When developing and maintaining databases, developers need to compare databases to see/understand how they differ. It could be something from comparing a prod database to the dev version of that database, checking how a database changed after running a migration, or doing due diligence on data consistency. SQLDIFF is a command-line utility that comes with SQLite specifically designed to solve the issues of directly comparing SQLite databases. Similar to the comparison function EXCEPT in SQL, where EXCEPT compares the rows between two tables, SQLDIFF will compare the difference in rows between two SQLite databases. Instead of having to manually check each table one-by-one which is time-intensive, especially as databases get bigger, SQLDiff will allow you to find the exact rows that match and don't match between two databases. The following example illustrates a very common use case:

Developers often test new features in a developer database before changes are committed to the production database. Say a dev creates a feature that requires a phone number and so they add a 'phone_number' column to the USERS table. The feature tests well and is committed to production. However, the prod database wasn't updated to have a 'phone_number' column for the USERS table. Thus when the feature is accessed the application crashes since the feature is trying to pull from a column that doesn't exist. With a simple check using SQLDiff, it would've been immediate that there are no equivalent rows between the prod/dev database in the USERS table since the dev database has an extra column. This is a great example of how comparing two databases can be a useful check for developers.

Alternatives and Pros/Cons of SQLDIFF

Although SQLDIFF does solve the unique problem of Database comparison, it's scope is quite limited as it is completely restricted to SQLite. Thus, we have competitors for both SQLite and DBMS's in general.
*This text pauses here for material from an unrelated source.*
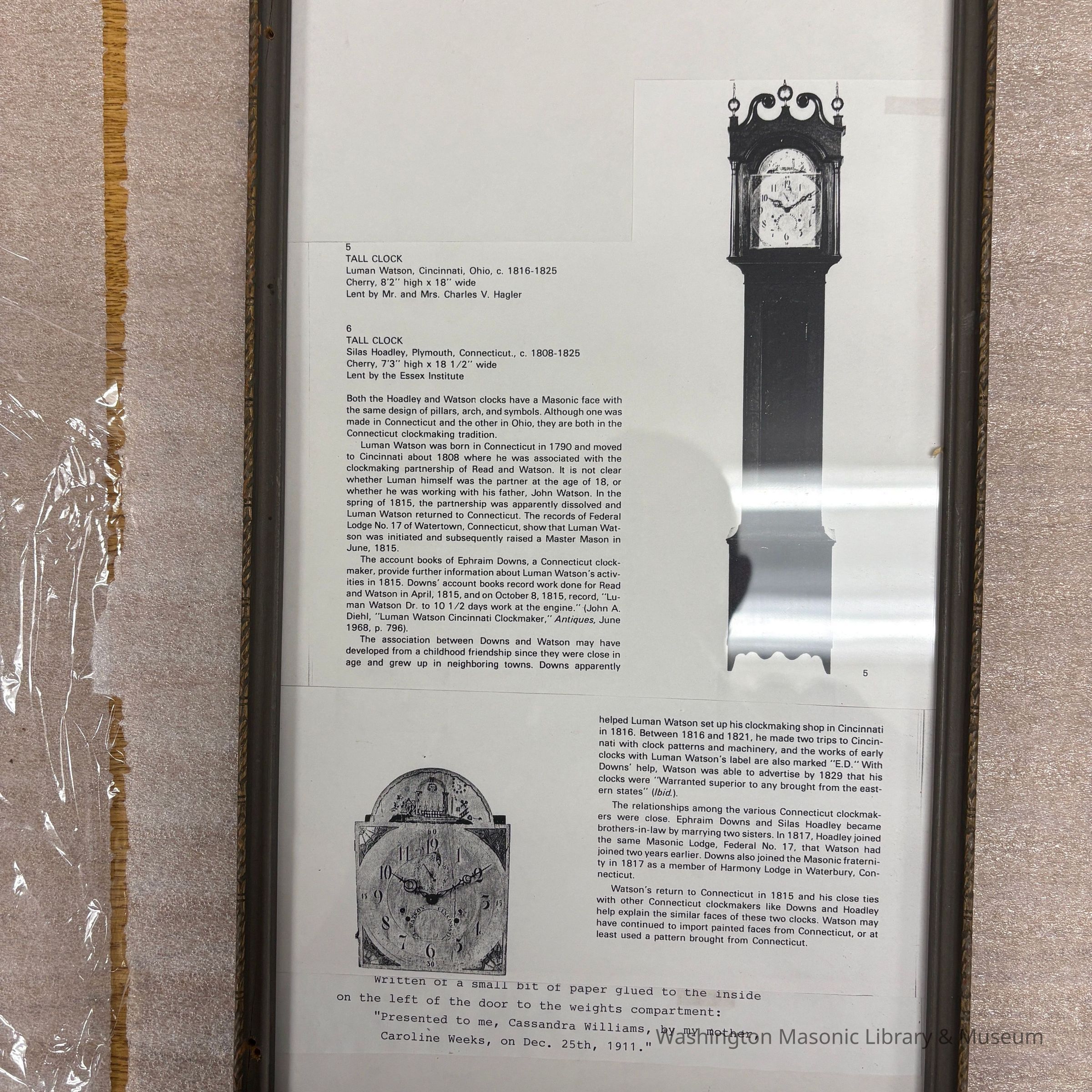 Grandfather Clock: Has masonic symbols on front. Masonic Library Association Plaque. Inside is note that says "presented to me, Cassandra WIlliams by my mother Caroline Weeks, this clock on Dec. 25th, 1911.Collection

  • SQLite DIFF is essentially a paid version of SQLDIFF that is more robust. Some key differences are 1) schema is compared in addition to the data. So it's not just rows that are being compared but rather tables, columns, Triggers, Views, and Indexes. SQLite Diff gives a much more in-depth true comparison between two database files. 2) There is also a graphical component, changed/updated schema and data are displayed with yellow highlighting to show the difference between two files in a user interface.
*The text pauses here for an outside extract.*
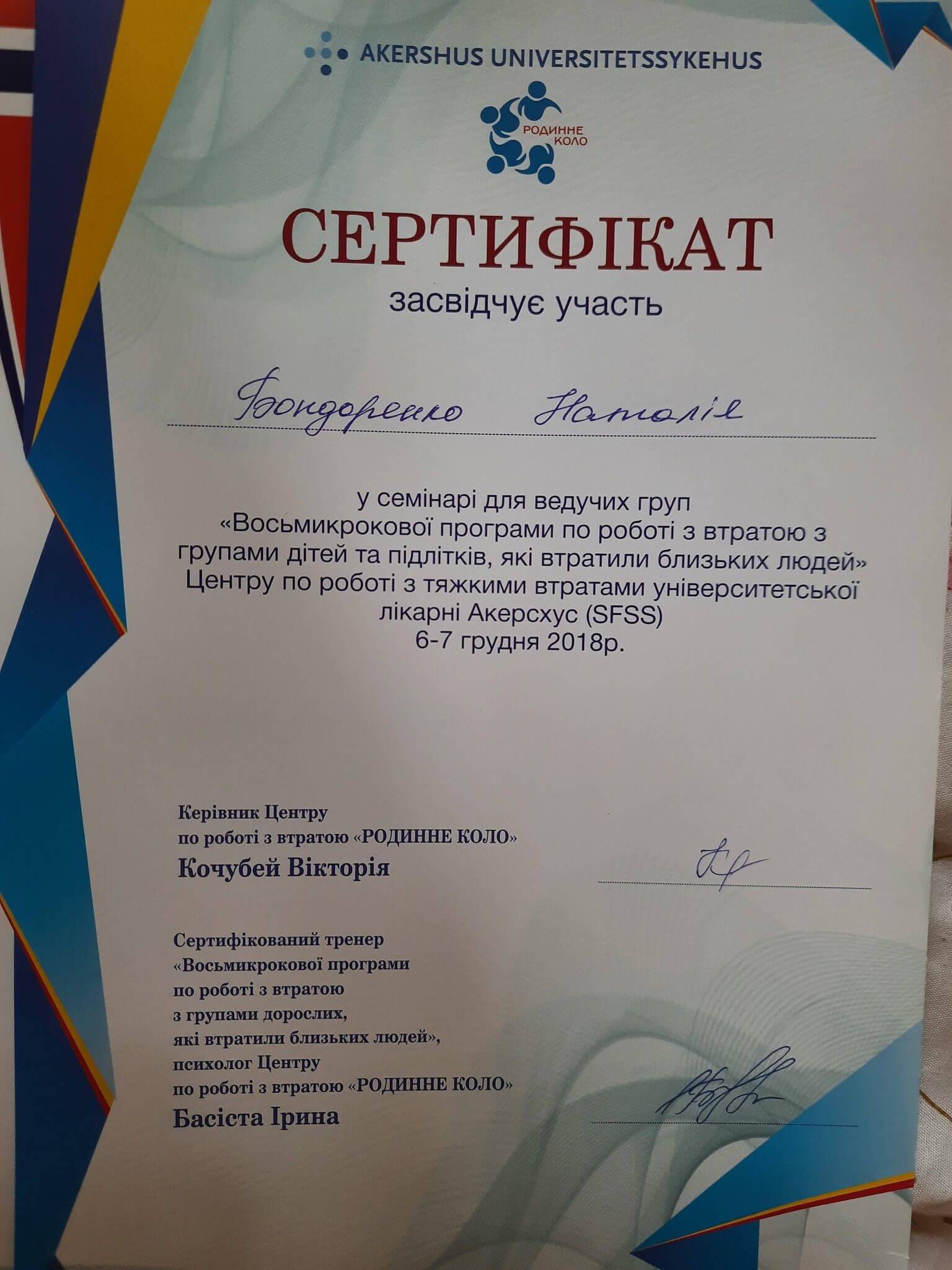 Applied Psychology Program «Практична психологія» (НаУКМА), Психотерапевтичне навчання у напрямку клієнт-центрованої терапії (Українська Асоціація психотерапевтів), Курси підвищення кваліфікації: психологія (Інститут менеджменту освіти при АПН України), кандидатська дисертація (захист Інститут політичної та соціальної психології), 5 модулів з пропедевтики (Українська Асоціація психотерапевтів; Школа розвитку психотерапії, п-н. лікарня ім. Павлова), Тренінг з роботи з травмою О. Вільвовська, Інститут соціальної та політичної психології), Тренінг з роботи з травмою (фахівці з Ізраїлю, НаУКМА), Тренінг з роботи в когнітивно-поведінковому підході CETA, робота психотерапевтом СЕТу в дослідженні (Інститут Дж. Хопкінса США, НаУКМА), навчання з супервізії 6 модулів (Тернінг з когнітивного копінгу в когнітивно-поведі нковому підході CETA з групами ветеранів (Інститут Дж. Хопкінса США, НаУКМА) горя, Тренінг Suicide Prevention TOT (Фахівці з Університетська клініка Акерсгурс, Норвегія).

  • RedGate SQL Data Compare is a powerful enterprise tool that works for SQL Server. Data Compare does a multi-layered analysis that looks at table structures, column definitions, relationships between tables, stored procedures, and security settings. Each element is examined to find the differences between two databases in a visual interface that shows exactly where the differences are. It goes beyond just comparing row by row per table and looks at the fundamental structure of the database. Of course, this is an enterprise tool so it's going to be significantly more robust than a small add-on like SQLite DIFF or an included functionality like SQLDIFF.

These two examples highlight the types of alternatives to SQLite's SQLDIFF, on one hand you have small applications like SQLite DIFF that are a bit more robust and make it easier to spot differences in data. On the other hand, you have powerful enterprise level applications that not only show you the difference between table data but also goes one step further and shows the full difference between internal table structure. Most popular databases have some form of built-in functionality similar to SQLDiff or have paid enterprise applications that do what SQLDiff does and more. Overall, database comparison tools all can point to differences in data (i.e. records), and thus the use case as always will determine the tool we choose. If we are just purely looking for differences in records and nothing more then SQLDIFF is the most straightforward and easiest to work with, but if more functionality such as an analysis or data visualization is needed then it makes more sense to use a more robust paid tool such as RedGate's SQL Data Compare.

SQLDIFF and 4111

  • The core functionality of SQLDIFF is built upon the idea of set difference, similar to EXCEPT, although in this case the set difference is comparing the whole database file as opposed to just tables.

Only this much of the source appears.